Problem to work on
Lines below starting with the line with "Zhug is a spicy" and going on through the line with "2024年3月,原料采購指數" must be output exactly; the rest of the records must be left out.

Supplied material

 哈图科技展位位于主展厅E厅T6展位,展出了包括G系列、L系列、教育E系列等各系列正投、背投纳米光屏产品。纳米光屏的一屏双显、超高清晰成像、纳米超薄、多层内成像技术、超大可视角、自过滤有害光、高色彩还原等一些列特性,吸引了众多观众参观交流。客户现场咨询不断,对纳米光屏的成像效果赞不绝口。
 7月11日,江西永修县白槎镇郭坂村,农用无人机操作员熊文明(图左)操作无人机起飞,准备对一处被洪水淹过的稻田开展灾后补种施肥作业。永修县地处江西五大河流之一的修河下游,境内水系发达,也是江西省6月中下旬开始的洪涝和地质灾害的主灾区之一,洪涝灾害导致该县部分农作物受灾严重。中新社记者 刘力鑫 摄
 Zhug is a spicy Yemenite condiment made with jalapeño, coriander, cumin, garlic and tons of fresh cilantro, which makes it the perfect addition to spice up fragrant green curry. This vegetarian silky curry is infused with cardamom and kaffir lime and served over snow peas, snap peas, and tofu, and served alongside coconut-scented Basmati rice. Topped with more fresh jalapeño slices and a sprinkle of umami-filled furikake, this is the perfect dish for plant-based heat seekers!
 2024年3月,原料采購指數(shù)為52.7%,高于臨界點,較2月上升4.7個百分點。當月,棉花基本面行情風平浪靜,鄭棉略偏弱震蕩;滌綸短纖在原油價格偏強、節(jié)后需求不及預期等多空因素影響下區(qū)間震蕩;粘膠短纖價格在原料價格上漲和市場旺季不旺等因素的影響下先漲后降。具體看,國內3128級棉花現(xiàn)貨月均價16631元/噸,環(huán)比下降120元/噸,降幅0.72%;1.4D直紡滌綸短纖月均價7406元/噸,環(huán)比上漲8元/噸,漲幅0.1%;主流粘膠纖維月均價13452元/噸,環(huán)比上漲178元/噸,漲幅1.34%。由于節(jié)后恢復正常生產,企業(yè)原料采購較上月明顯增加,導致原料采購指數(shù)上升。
---
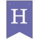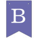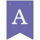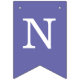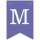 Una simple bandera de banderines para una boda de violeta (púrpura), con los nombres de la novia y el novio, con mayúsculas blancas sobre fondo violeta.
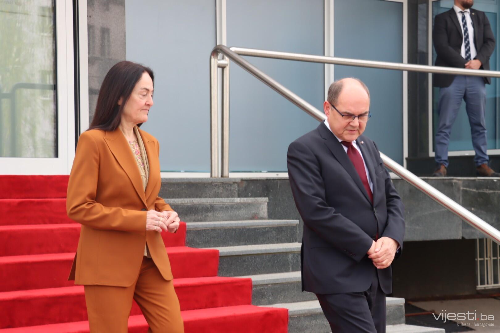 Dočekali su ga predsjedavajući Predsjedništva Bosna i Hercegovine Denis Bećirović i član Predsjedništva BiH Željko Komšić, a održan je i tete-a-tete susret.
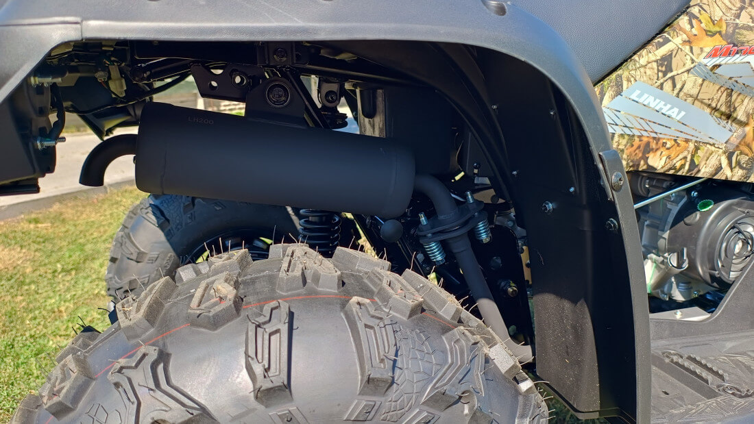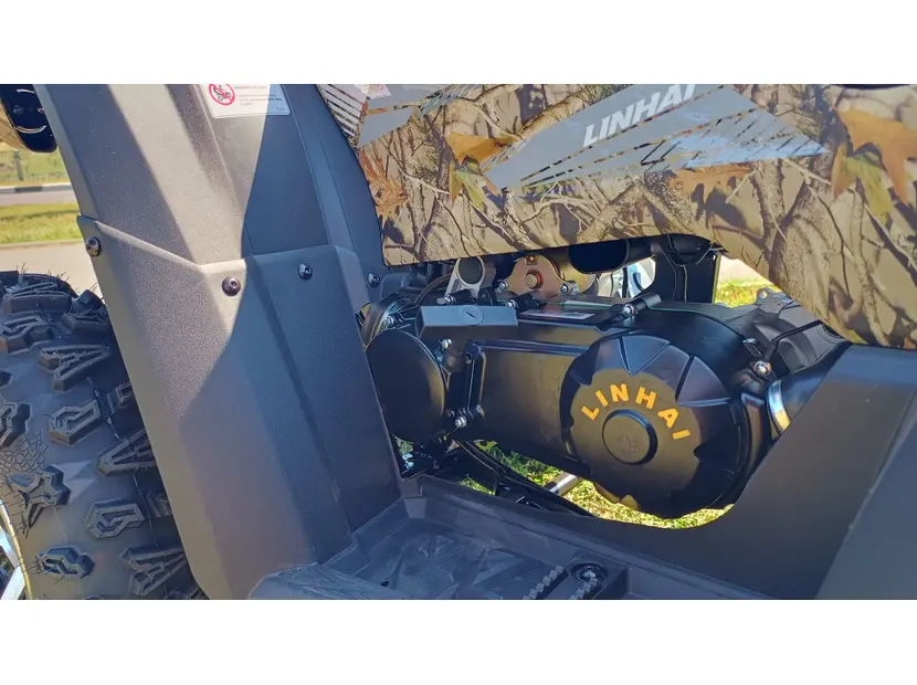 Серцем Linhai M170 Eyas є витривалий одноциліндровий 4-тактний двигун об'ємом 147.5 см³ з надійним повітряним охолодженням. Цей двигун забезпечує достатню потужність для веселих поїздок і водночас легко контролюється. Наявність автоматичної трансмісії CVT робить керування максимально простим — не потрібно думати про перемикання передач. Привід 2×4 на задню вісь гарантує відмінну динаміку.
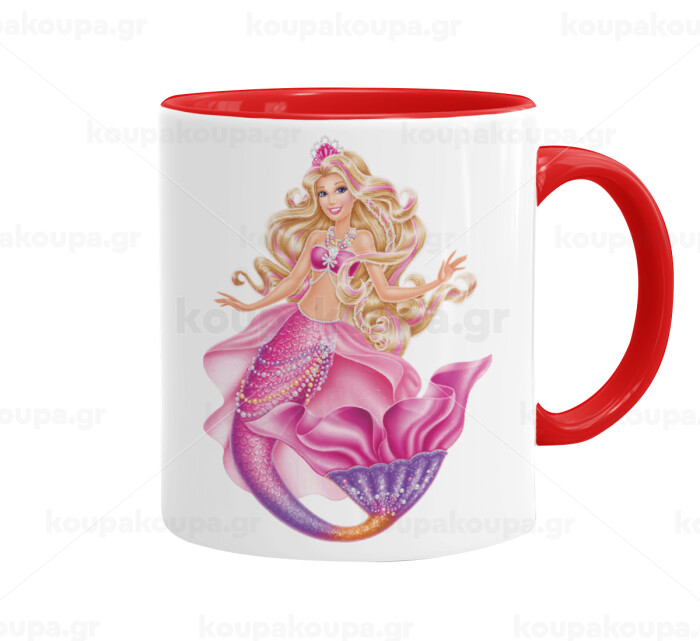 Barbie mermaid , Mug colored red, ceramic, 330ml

Expected output
 Zhug is a spicy Yemenite condiment made with jalapeño, coriander, cumin, garlic and tons of fresh cilantro, which makes it the perfect addition to spice up fragrant green curry. This vegetarian silky curry is infused with cardamom and kaffir lime and served over snow peas, snap peas, and tofu, and served alongside coconut-scented Basmati rice. Topped with more fresh jalapeño slices and a sprinkle of umami-filled furikake, this is the perfect dish for plant-based heat seekers!
 2024年3月,原料采購指數(shù)為52.7%,高于臨界點,較2月上升4.7個百分點。當月,棉花基本面行情風平浪靜,鄭棉略偏弱震蕩;滌綸短纖在原油價格偏強、節(jié)后需求不及預期等多空因素影響下區(qū)間震蕩;粘膠短纖價格在原料價格上漲和市場旺季不旺等因素的影響下先漲后降。具體看,國內3128級棉花現(xiàn)貨月均價16631元/噸,環(huán)比下降120元/噸,降幅0.72%;1.4D直紡滌綸短纖月均價7406元/噸,環(huán)比上漲8元/噸,漲幅0.1%;主流粘膠纖維月均價13452元/噸,環(huán)比上漲178元/噸,漲幅1.34%。由于節(jié)后恢復正常生產,企業(yè)原料采購較上月明顯增加,導致原料采購指數(shù)上升。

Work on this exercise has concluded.